Problem –
Beginning with the line that holds "소상공인 손실보전금 확인지급" and finishing with the line that holds "Para fabricarlas, la", repeat the listing exactly, leaving every picture out.

Exercise materials –
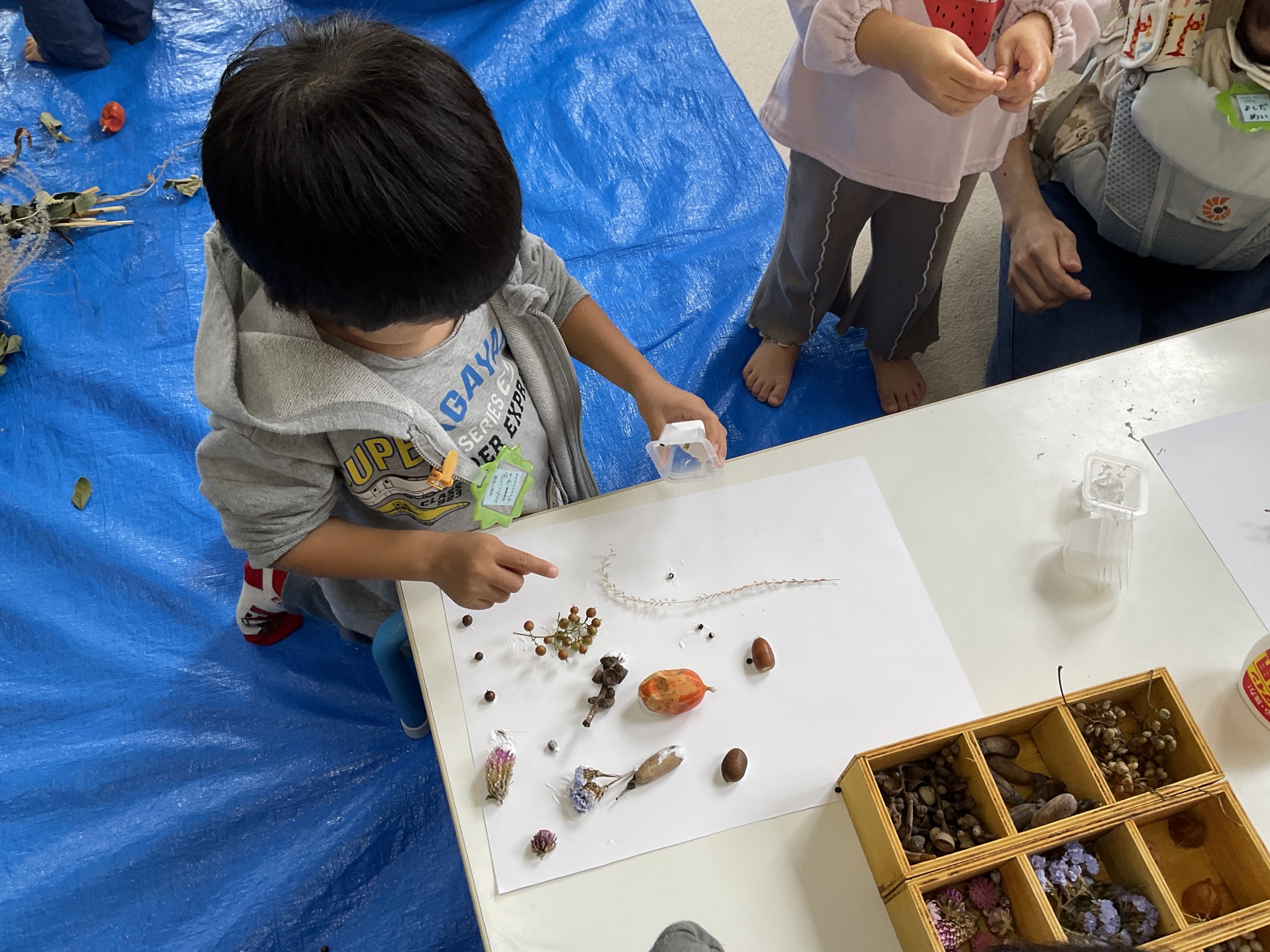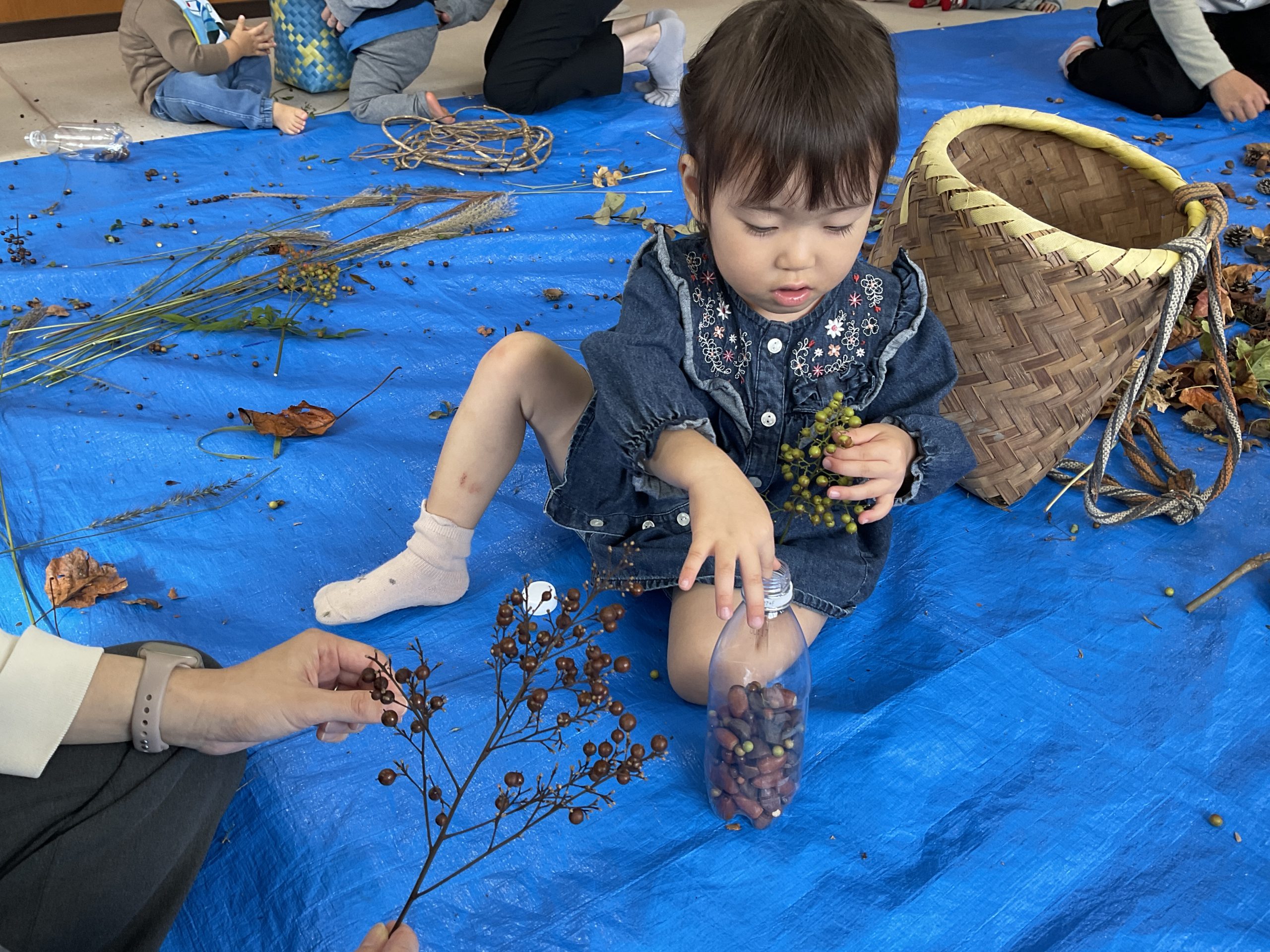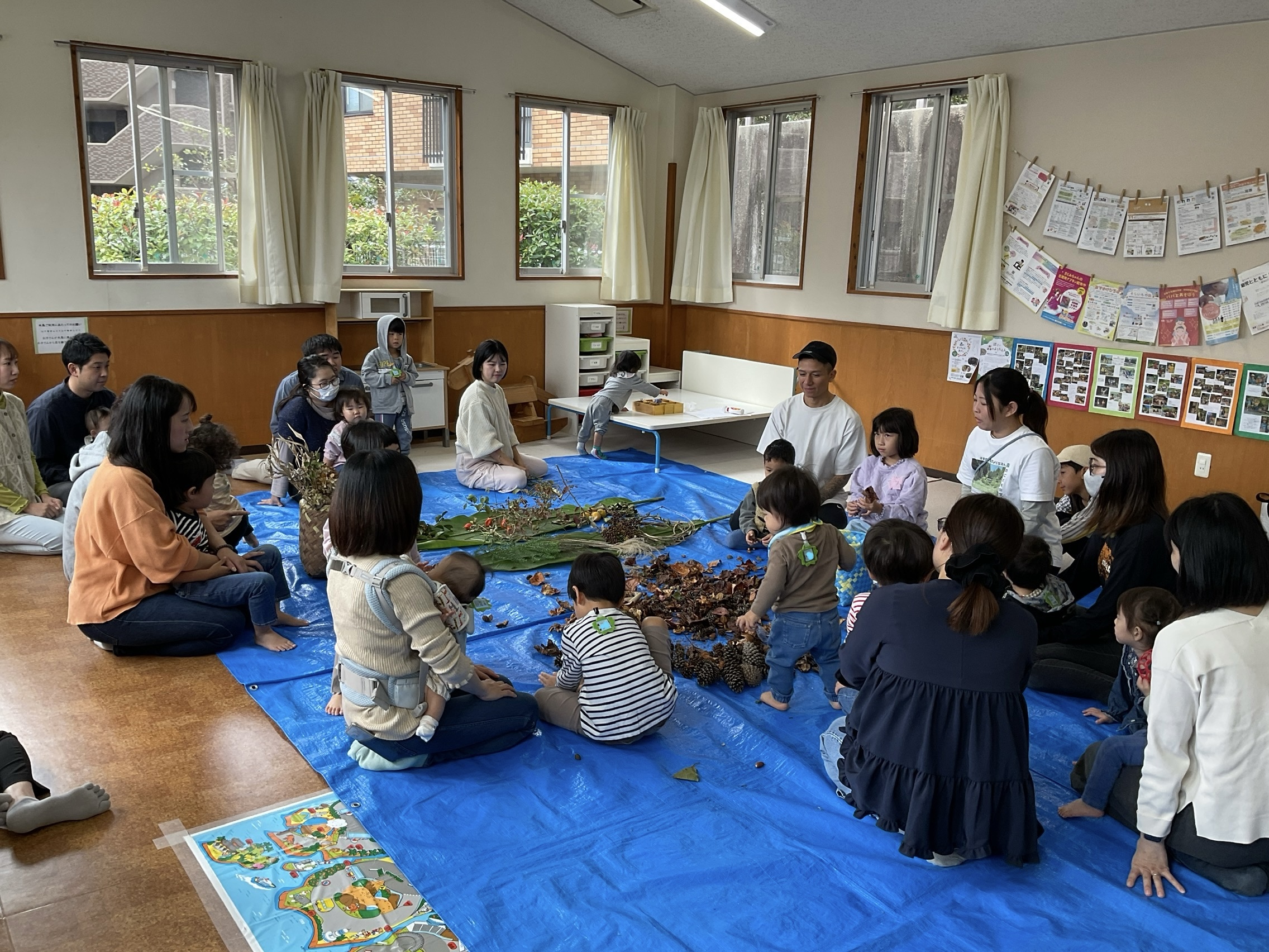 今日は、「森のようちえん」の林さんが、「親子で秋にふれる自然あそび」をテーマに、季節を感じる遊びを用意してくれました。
--
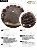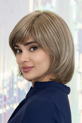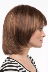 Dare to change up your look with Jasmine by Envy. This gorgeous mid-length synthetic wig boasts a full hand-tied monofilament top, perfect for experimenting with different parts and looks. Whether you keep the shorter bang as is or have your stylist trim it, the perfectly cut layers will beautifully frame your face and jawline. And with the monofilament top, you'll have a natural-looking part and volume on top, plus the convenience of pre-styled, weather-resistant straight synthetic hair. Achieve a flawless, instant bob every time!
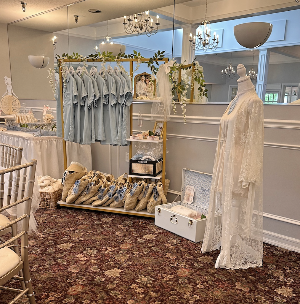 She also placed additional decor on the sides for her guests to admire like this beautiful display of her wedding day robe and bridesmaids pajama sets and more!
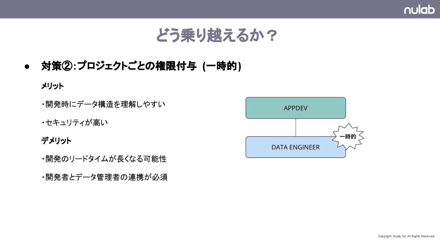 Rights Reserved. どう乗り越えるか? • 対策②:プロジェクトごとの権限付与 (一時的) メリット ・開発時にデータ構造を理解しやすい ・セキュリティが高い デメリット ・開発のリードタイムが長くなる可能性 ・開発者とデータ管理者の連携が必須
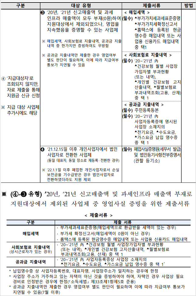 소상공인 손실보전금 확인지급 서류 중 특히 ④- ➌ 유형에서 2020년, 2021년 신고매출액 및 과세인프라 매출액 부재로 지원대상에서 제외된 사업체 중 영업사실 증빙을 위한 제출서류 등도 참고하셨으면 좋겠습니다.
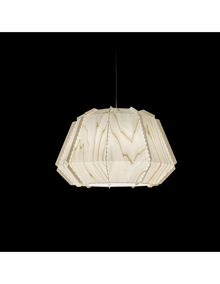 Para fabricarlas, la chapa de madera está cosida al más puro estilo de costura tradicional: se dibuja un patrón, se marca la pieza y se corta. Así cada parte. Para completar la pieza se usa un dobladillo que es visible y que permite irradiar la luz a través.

Result of this exercise –
 소상공인 손실보전금 확인지급 서류 중 특히 ④- ➌ 유형에서 2020년, 2021년 신고매출액 및 과세인프라 매출액 부재로 지원대상에서 제외된 사업체 중 영업사실 증빙을 위한 제출서류 등도 참고하셨으면 좋겠습니다.
 Para fabricarlas, la chapa de madera está cosida al más puro estilo de costura tradicional: se dibuja un patrón, se marca la pieza y se corta. Así cada parte. Para completar la pieza se usa un dobladillo que es visible y que permite irradiar la luz a través.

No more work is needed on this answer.